The Death of Charles Woodhouse

Charles Woodhouse's ViolinCharles Woodhouse, my third great grandfather was a tailor living in Adwick Le Street, Yorkshire, England. His son, John Woodhouse, who is my second great grandfather, was converted to the LDS (or Mormon) church when he was nineteen. His entire family joined, and they would eventually travel from Liverpool to New Orleans on the emigrant ship Ellen, followed by  seven day journey by riverboat to St. Louis, Missouri. John Woodhouse and most of the family would travel by covered wagon (in the Jepson Company) to Salt Lake City. But Charles died in a drowning accident, recorded, almost in passing, by John Woodhouse in his pioneer journal (on p. 20):
During our stay in St. Louis my brother Charles had a severe sickness his living through it was a marvel. We lost our youngest brother Norman, and my father was accidentally drowned over in Illinois where he was at work.
Unfortunately, John Woodhouse’s Pioneer Journal is not a contemporary account, but a series of recollections written down quite a bit later, in Utah. He did keep a journal, but the it was lost, presumably during the journey. It seems that he did not want to dwell on the details of his father’s death.

There is a family tradition that he was actually in Illinois where he was performing with a group of musicians where he became drunk, fell into the river, and drowned. There are actually several versions of the story, and it has described as a “hole”, a flooded basement, and even a barrel! One version of the story can be found at findagrave.com (memorial #40176198):

Charles Woodhouse died in St. Louis, Missouri. He was coming home from performing on his violin with a musical group to earn money to travel on to Utah. He had too much to drink and fell in a open hole filled with water. He was found floating with his violin floating next to him.

A similar version can be found in a note at familysearch.org

Charles Woodhouse downed in an open basement of a house that was going to be built that had filled with rainwater. He was working at a Party in Quincy, across from St. Louis. He played the fiddle at parties.
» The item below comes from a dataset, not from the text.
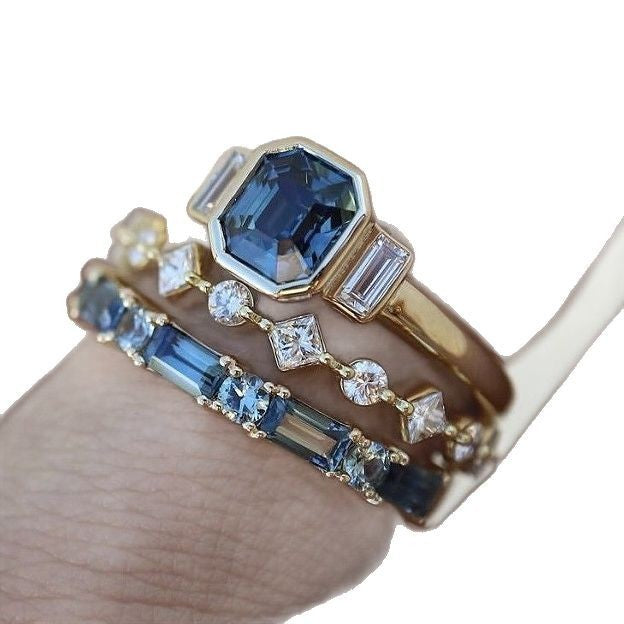 Women's Alloy Zircon Flower Ring Set Three Piece Jewelry delivers timeless elegance with a blue diamond sparkle. This three-piece flower ring set in alloy features an electroplating finish for a durable, sophisticated shine, designed for women who love delicate, versatile jewelry.

Coming home in the dark he fell into the water filled basement hole and was found next morning there with his fiddle floating beside him.

In this case, the author goes on to say

Information was passed down from Charles Chambers Woodhouse to son Charles W. Woodhouse and Daughter to Alice Ann Woodhouse Lindsay to Her Sons to Charles and Alan Lindsay then Passed on to Daughter of Alan Lindsay to Patricia Lindsay Clemons. Personal Interview with Patricia Lindsay Clemons by Jennifer Lindsay Palmer .

Unfortunately, there is no way to verify this. At Ancestry.com, we find the following, apparently an obituary, but the newspaper in which it was printed is not identified.

Birth: Aug. 13, 1806 Doncaster
South Yorkshire, England Death: Jul. 1, 1851
Saint Louis
St. Louis County
Missouri, USA
Son of John Woodhouse and Elizabeth Kitchenman

Married Ann Long, 6 Oct 1829, Bawtry, Yorkshire, England

Children - Sarah Woodhouse, Charles Chambers Woodhouse, Amelia Woodhouse, Norman Woodhouse, Mary Ellen Woodhouse, John Woodhouse, Joel Silverwood Woodhouse, Ann Woodhouse

History - Charles Woodhouse died in St. Louis, Missouri. He was coming home from performing on his violin with a musical group to earn money to travel on to Utah. He had too much to drink and fell in a open hole filled with water. He was found floating with his violin floating next to him.

Ann Long came to Utah with Captain Jepson company, 1852. 

It is interesting to speculate what may have happened here. Apparently, Charles Woodhouse’s body was never found and thus never buried, so he probably did drown (and probably not in a basement or other enclosed structure). Both Charles Woodhouse and his son John were tailors, so it makes sense that he would have travelled to another city to earn money by working there. If he was working as a tailor, thee is no reason to think he wouldn’t also have played at dances or other events, perhaps to earn extra money. I rather suspect something like this is true, although the part about “his violin floating next to him” does seem rather fanciful.

As an aside, one could wish that people posting accounts like this on the Internet would leave a proper citation. This is especially true of the purported obituary which makes no mention of the paper in which it was printed. In fairness, the person posting it may not have had that information but simply found it elsewhere. But that only means that someone else failed to provide a proper citation, and that the person posting it failed to acknowledge the unknown provenance. We should always be careful to cite our sources. If nothing else, do it out of consideration for others.

Comments

  1. I agree about a proper citation. However lets look at it this way. It would be a shame if the story or some version was true and was never written down. Now it is up to us to do the research and fine the real story and give it the proper citation. I hope you are able to get the complete story someday.